__About this task__: Where pictures appear, omit them, and copy exactly only the lines from the start of the listing through the line containing "Gold tone metal", both included.

__Supplied data__:
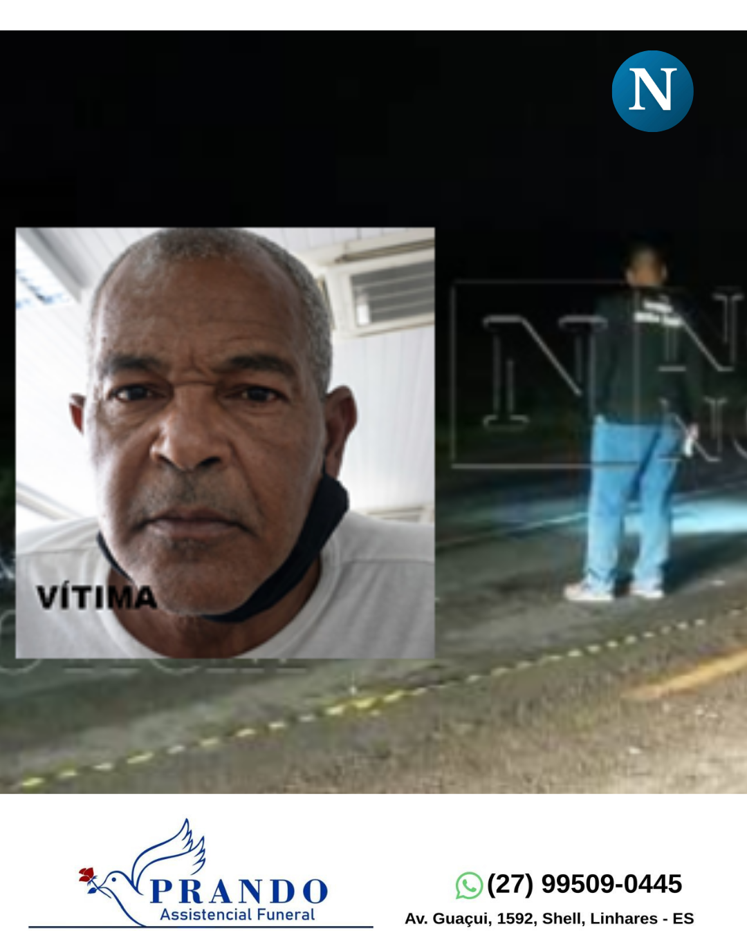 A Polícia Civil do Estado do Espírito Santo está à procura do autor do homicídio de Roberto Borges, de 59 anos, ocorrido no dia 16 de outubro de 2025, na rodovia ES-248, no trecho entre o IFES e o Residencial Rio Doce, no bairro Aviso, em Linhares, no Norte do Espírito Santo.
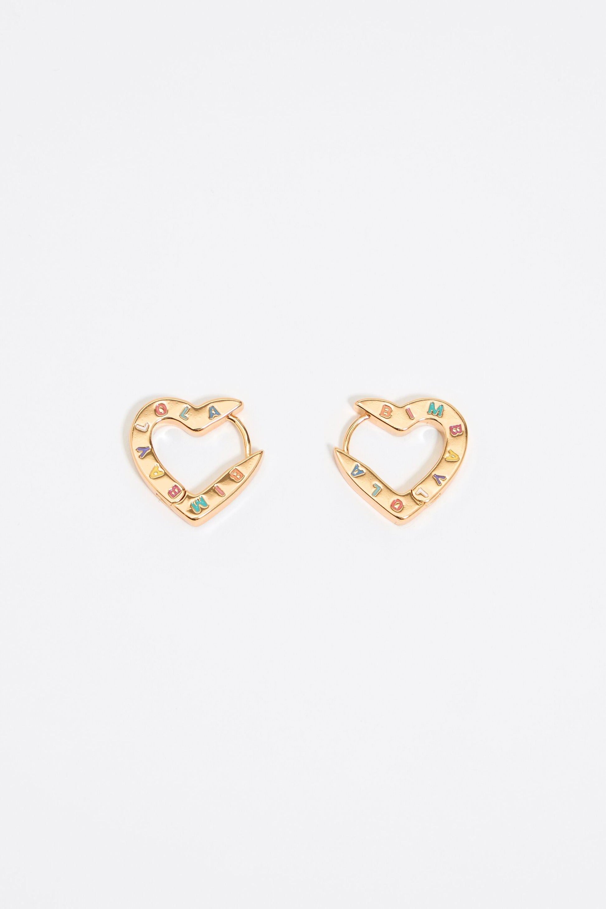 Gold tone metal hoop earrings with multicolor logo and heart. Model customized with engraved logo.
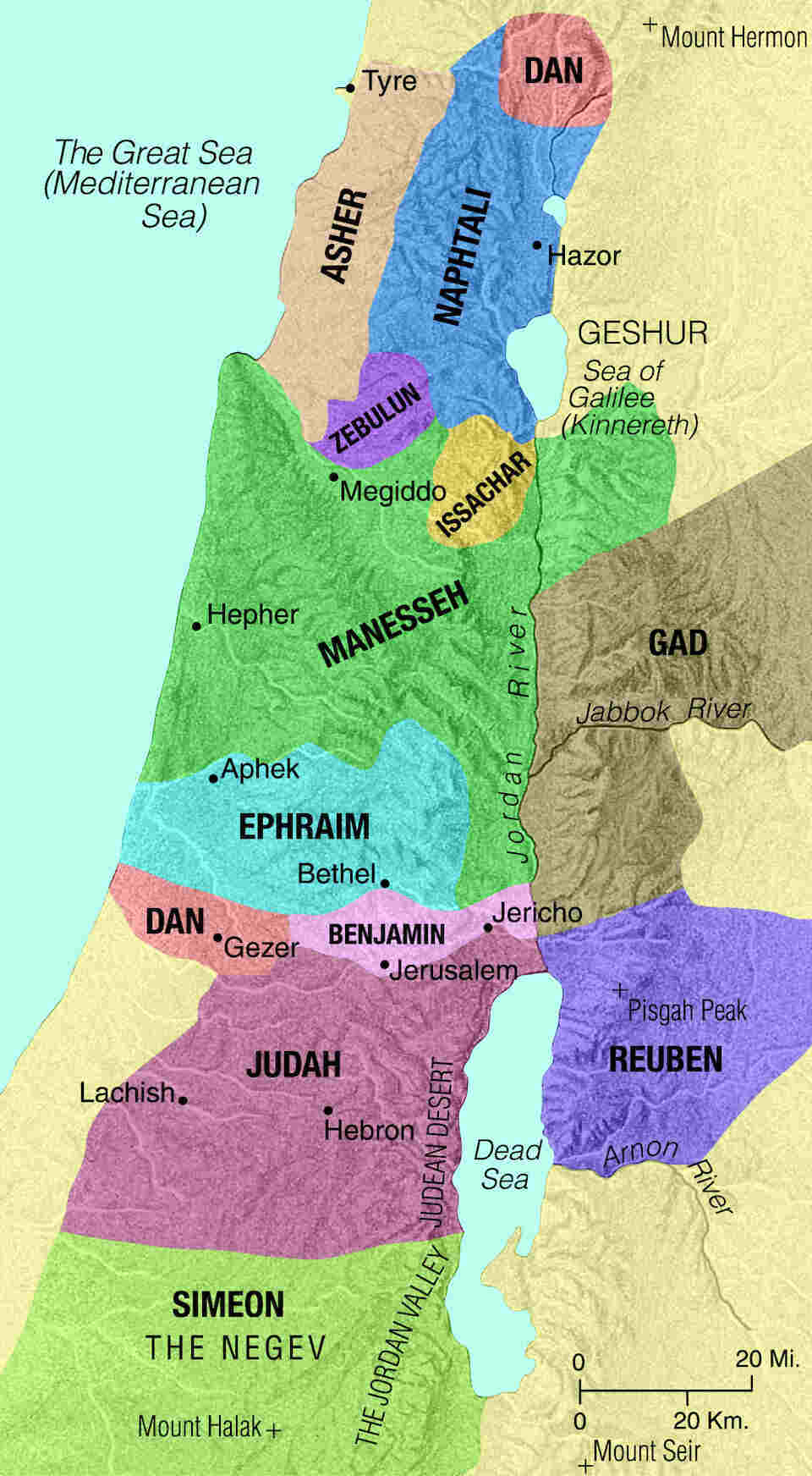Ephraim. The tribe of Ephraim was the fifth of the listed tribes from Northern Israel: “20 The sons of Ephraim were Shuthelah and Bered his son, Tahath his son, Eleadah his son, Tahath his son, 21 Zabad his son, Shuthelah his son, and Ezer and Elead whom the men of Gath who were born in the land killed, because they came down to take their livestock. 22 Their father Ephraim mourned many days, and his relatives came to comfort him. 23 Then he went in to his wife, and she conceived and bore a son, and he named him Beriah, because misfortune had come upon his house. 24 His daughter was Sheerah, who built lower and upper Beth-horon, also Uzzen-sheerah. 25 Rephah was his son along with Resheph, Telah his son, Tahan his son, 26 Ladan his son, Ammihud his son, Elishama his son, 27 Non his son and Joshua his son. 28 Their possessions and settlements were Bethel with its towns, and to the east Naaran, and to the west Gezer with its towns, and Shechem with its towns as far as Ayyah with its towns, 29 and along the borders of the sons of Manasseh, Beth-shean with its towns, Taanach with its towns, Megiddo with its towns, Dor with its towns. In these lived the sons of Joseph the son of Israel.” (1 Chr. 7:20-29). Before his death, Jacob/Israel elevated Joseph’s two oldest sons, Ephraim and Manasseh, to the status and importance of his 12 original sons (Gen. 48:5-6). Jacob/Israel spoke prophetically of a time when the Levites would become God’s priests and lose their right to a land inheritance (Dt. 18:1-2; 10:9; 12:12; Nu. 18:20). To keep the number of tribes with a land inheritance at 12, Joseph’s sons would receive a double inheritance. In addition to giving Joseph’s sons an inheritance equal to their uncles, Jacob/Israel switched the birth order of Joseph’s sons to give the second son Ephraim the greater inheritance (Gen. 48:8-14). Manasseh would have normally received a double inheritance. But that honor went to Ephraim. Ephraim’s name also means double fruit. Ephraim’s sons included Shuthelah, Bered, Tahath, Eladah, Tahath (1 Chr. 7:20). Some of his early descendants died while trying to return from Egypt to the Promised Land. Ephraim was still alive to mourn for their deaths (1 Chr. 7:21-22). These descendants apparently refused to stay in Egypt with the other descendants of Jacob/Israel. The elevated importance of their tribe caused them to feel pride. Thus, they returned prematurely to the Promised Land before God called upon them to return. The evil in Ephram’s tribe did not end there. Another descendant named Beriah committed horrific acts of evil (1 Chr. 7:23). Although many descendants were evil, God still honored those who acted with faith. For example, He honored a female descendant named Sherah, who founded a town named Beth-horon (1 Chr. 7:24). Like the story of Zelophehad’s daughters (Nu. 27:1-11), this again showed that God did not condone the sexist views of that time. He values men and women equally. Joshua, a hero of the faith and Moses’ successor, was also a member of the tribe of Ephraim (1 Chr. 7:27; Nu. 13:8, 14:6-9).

__Expected answer__:
 A Polícia Civil do Estado do Espírito Santo está à procura do autor do homicídio de Roberto Borges, de 59 anos, ocorrido no dia 16 de outubro de 2025, na rodovia ES-248, no trecho entre o IFES e o Residencial Rio Doce, no bairro Aviso, em Linhares, no Norte do Espírito Santo.
 Gold tone metal hoop earrings with multicolor logo and heart. Model customized with engraved logo.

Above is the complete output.